The Flavia leaf dataset (which comprises 1907 photos of leaf belongs to 32 distinct plants) is utilized in Muammer Turkoglu and Davut Hanbay's research article [2], and the authors offer a method for extracting attributes using segmentation rather than collecting data from the full leaf. The overall image's features are then established by merging the information obtained from each piece. Examples include vein-based features, GLCM, color, and Fourier descriptors. These methods help to determine the characteristics of each leaf. The ELM approach was used to classify and test these feature parameters. Leaf pictures were preprocessed by removing the backdrop and converting RGB photographs to gray scale. To segment leaf pictures, a trial-and-error method of identifying suitable thresholding settings was applied. Erosion and filling processes were also used to decrease potential pixel blockages. The image data are normalized once the characteristics have been retrieved. ELM hidden layer input weights and biases start randomly and, unlike traditional networks, are stable throughout the process. The determination of output weights is done by least squares method. Seven leaf photographs were created from a 1907 leaf sample after being randomly selected prior to each intersection using a ten-fold cross-validation model. With this strategy, an average success rate of 98.36% was reached. A comparison between ANN and LS-SVM was done. The suggested approach minimized the influence of deformations on the identification and classification performance of certain plant leaves. Unlike earlier studies, the presented strategy solves problems and can be improved by adding more feature extraction methods.

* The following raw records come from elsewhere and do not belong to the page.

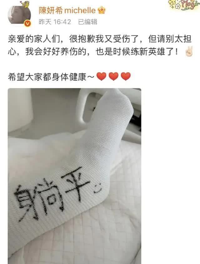 陈妍希这次受伤让不少粉丝心疼,好在她心态一直很积极,身边也有工作人员和好友细心照顾。
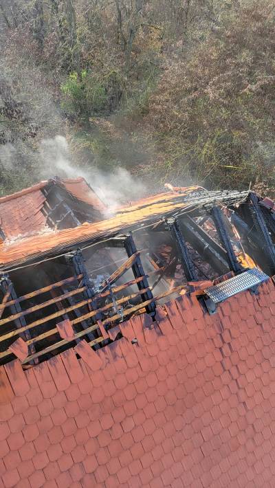 Gemeinsam mit den Feuerwehren Thräna und Lobstädt wurden die Bornaer Kameraden am 25.11.2026 um 10:24 Uhr zu einem Gebäudebrand in einem leer stehenden Objekt in der Fabrikstraße alarmiert. Da die Einsatzstelle den Brandschützern bereits von mehreren Einsätzen gut bekannt ist, konnte man erahnen, was auf die Einsatzkräfte zukommt. Als wir vor Ort ankamen, stand ein Raum im Obergeschoss in Brand. Das Feuer hatte sich aber auch bereits in das Dachgeschoss ausgebreitet. Schnell rüsteten sich mehrere Trupps mit schwerem Atemschutz aus und begannen die Brandbekämpfung im Innenbereich sowie auch von außen. Aufgrund der baulichen Situation im Dachgeschoss und dem Durchbrennen eines Zwischenbodens konnte eine vollständige Brandbekämpfung durch einen Innenangriff nicht durchgeführt werden. Die Drehleiter wurde aus diesem Grund zum Öffnen der Dachhaut und zur Brandbekämpfung von oben in Stellung gebracht. Zur Unterstützung der Löschmaßnahmen wurde die Feuerwehr Zedtlitz ebenfalls an die Einsatzstelle gerufen. Um ausreichend Atemschutztechnik vor Ort zu haben, wurde der Gerätewagen Atemschutz des Feuerwehrtechnischen Zentrums angefordert. Die massiven Löschmaßnahmen mit mehreren Rohren und dem Werfer der Drehleiter zeigten schnell einen Erfolg. Nachdem die sichtbaren Flammen bekämpft wurden, mussten unzählige Zwischenwände und Böden geöffnet werden. Nur dadurch konnten alle Glutnester aufgespürt und gezielt abgelöscht werden. Diese kräftezehrende und mühevolle Aufgabe zog sich über mehrere Stunden. Mit den Nachlöscharbeiten und der Wiederherstellung der Einsatzbereitschaft waren die rund 25 Kameraden der Feuerwehren Borna, Zedtlitz, Thräna und Lobstädt über sechs Stunden im Einsatz. Am Einsatz beteiligt waren ebenfalls Kräfte des Rettungsdienstes, des Ordnungsamtes und der Polizei. Einsatzleiter Kai Noeske zeigte sich mit der routinierten und schnellen Handlungsweise sowie der sehr guten Zusammenarbeit aller Kameraden der einzelnen Wehren und der weiteren Einsatzkräften sehr zufrieden. Nur durch dieses Engagement können solche Einsätze ordentlich abgearbeitet werden.
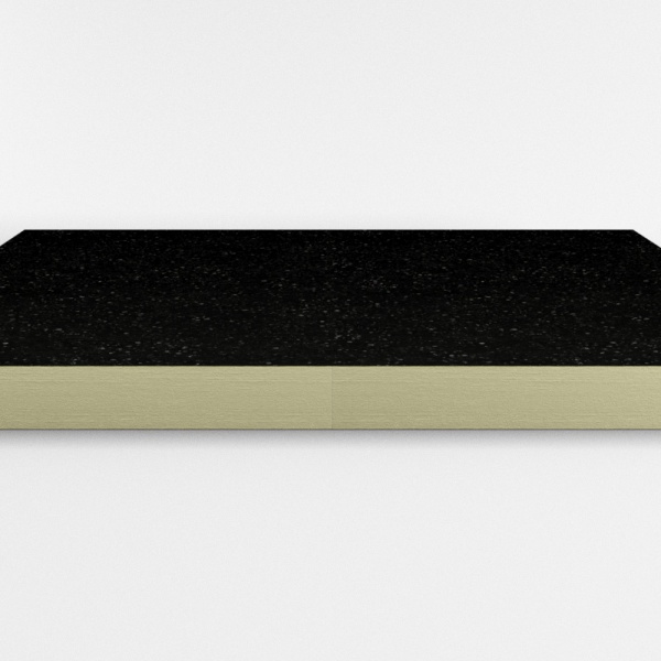 Le panneau est recouvert d'un revêtement en bitume (BT). L'âme du panneau est en mousse rigide de polyisocyanurate (PIR) avec de très bonnes propriétés d'isolation et de résistance au feu.

In the experiment done by Yigit et al. [3], ANN, NB algorithm, random forest algorithm, KNN, and SVM were used for autonomous identification of leaves. They applied 637 leaves from 32 distinct plants were applied in this investigation. Image processing methods are used to extract the visual features of every leaf. Texture, pattern, dimension, and color are the four groupings of 22 VF. To explore the impact of these clusters on the classification recital, 15 alternative combinations of four groups were created. After that, the models are trained using data from 510 plant leaves, and their accurateness is calculated using data from 127 leaves. SVM model is the most accurate identifier for all-category combinations, according to the testing, with an accuracy of 92.91%. With an accurateness of 87.40%, a combination of D#6, C#6, and P#5 groups comes in second. Because employing the fewest number of VF is the most significant component of the classification process, the CFS method is utilized for selection of the 16 most effective VF for identification. The SVM model also delivers the greatest results for these 16 VF, with an accuracy of 94.49%. The efficiency of the proposed method is then put to the test in order to identify sick and defective leaves. As a result, 637 healthy leaves have been combined with 33 damaged or infected leaves. The SVM model recognized 536 randomly selected leaves for training and 134 leaves for testing with an accuracy of 92.53%, accounting for 80% of all leaves. The P# is the 5-feature group is demonstrated to be the most effective feature group quantitatively in this investigation. Furthermore, the edge Fourier transform feature has been shown to be the effective attribute in P#5 groups. The findings imply that, if AIT replicas were built and skilled appropriately, they may reliably identify plants even when samples are ill or damaged.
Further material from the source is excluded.